本日は、従業員へ金銭の貸し付けをした場合のポイントをご案内します。

退職する際に、最後の給与または、退職金から相殺したいと相談を受けます。
しかし、会社の勝手な判断で相殺することは出来ません。
労働基準法は、「賃金全額払い原則」を規程していますので、その関係で慎重に相殺を行う必要があります。

それは、会社が従業員に貸し付けた金銭と賃金を相殺する場合、従業員の意思による相殺であることが必要です。つまり、会社側から強制的に相殺する、命令で相殺するというわけにはいきません。
その従業員の意思の存否を、相殺合意の経緯・貸付金の返済方法に関する従業員の理解、会社の自働債権の性質の観点から判断されます。 
また、従業員が退職金等をを放棄する場合にも、同様の判断です。 
一方、同じ相殺でも、従業員への過払い賃金を後の賃金から控除する調整的相殺(調整給)については、その時期、方法、金額などより、従業員の経済・生活の安定との関係より、不当と認められないものであれば、労働基準法に反しないとされます。 
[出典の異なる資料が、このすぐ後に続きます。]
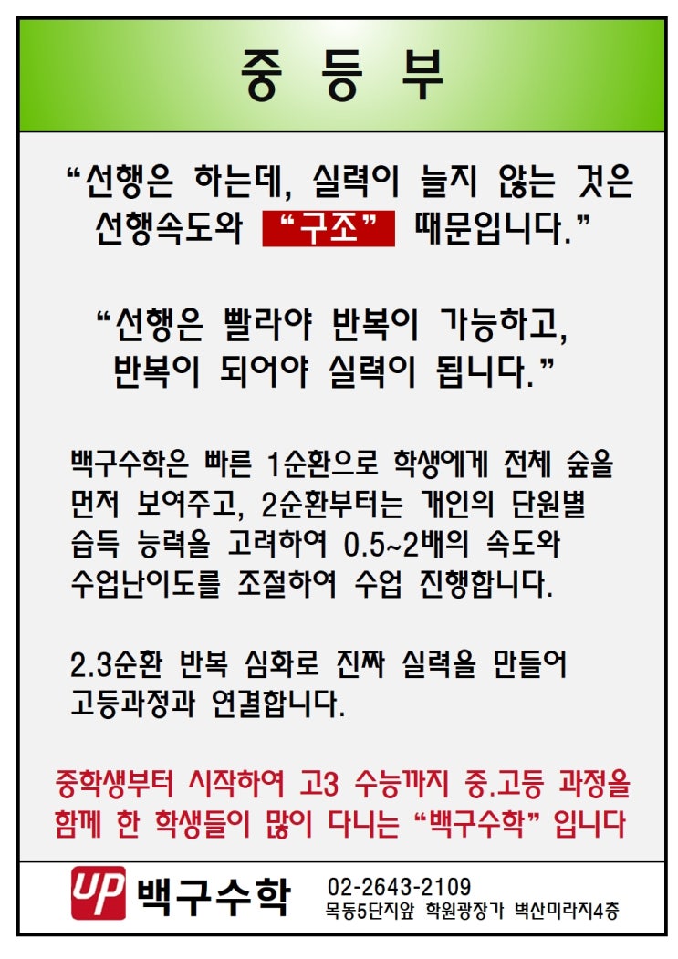3월 9일, 중3 새학기 반이 개강합니다. 중3은 내신과 고등 준비의 갈림길입니다. 문법·독해·구문·데일리 테스트까지 체계적으로 관리하고, 월 1회 모의고사로 실력을 점검합니다. 주 2회 4:45 or 7:00 ~ (요일 및 시간은 레벨별로 다르니 문의 바랍니다.) 2월에 개강한 최상위 Master 주 1회반도 소개합니다. 고등 문법과 고난도 수능 독해를 완성하는 심화 트랙이며, 주 1회 집중 수업으로 효율은 높이고 부담은 줄입니다. 입학 테스트 후 Master반 배정시 입학 가능합니다. 매주 수요일 5:30–10:00 입학 테스트 및 문의 전화: 02-2653-0771 <img src="https://blogthumb.pstatic.net/MjAyNjAyMjNfNjMg/MDAxNzcxODUwMjY0ODAx.OI5_vDQPdVYB8ekde_cbl1eGa56Rg-rw7b3ShaPDL-og.K9wYxN6mT4ctDK5fvxV1bQ-VCWl0mkCg4EH1QRRTMqog.PNG/3%B0%FC%29_%C1%D61%C8%B8%B9%DD.png?type=s3" />

いづれにしろ、相殺をする場合には、従業員に十分な説明を行う必要があります。ただし、口頭では会社と従業員との間で、言った、言わないの問題が生じるリスクがありますので、「同意書」などの書面を作成され、その「同意書」に従業員の署名・押印をしてもらうことが大切です。
また、従業員にとって金利等、メリットのある貸し付けをすることが大切です。 
もし従業員への貸付金などの債権を賃金(退職金)と相殺する場合は、従業員ともよく話し合い、慎重な対応が必要です。
当事務所のお客様の中には、中長期的な貸付金の場合は、最寄りの公証役場でしっかりと「金銭消費貸借契約書」を締結される事例もあります。
ここまで当事務所のブログを読んでいただきありがとうございました。 
※本記事の記載内容は、2019年9月現在の法令・情報等に基づいています。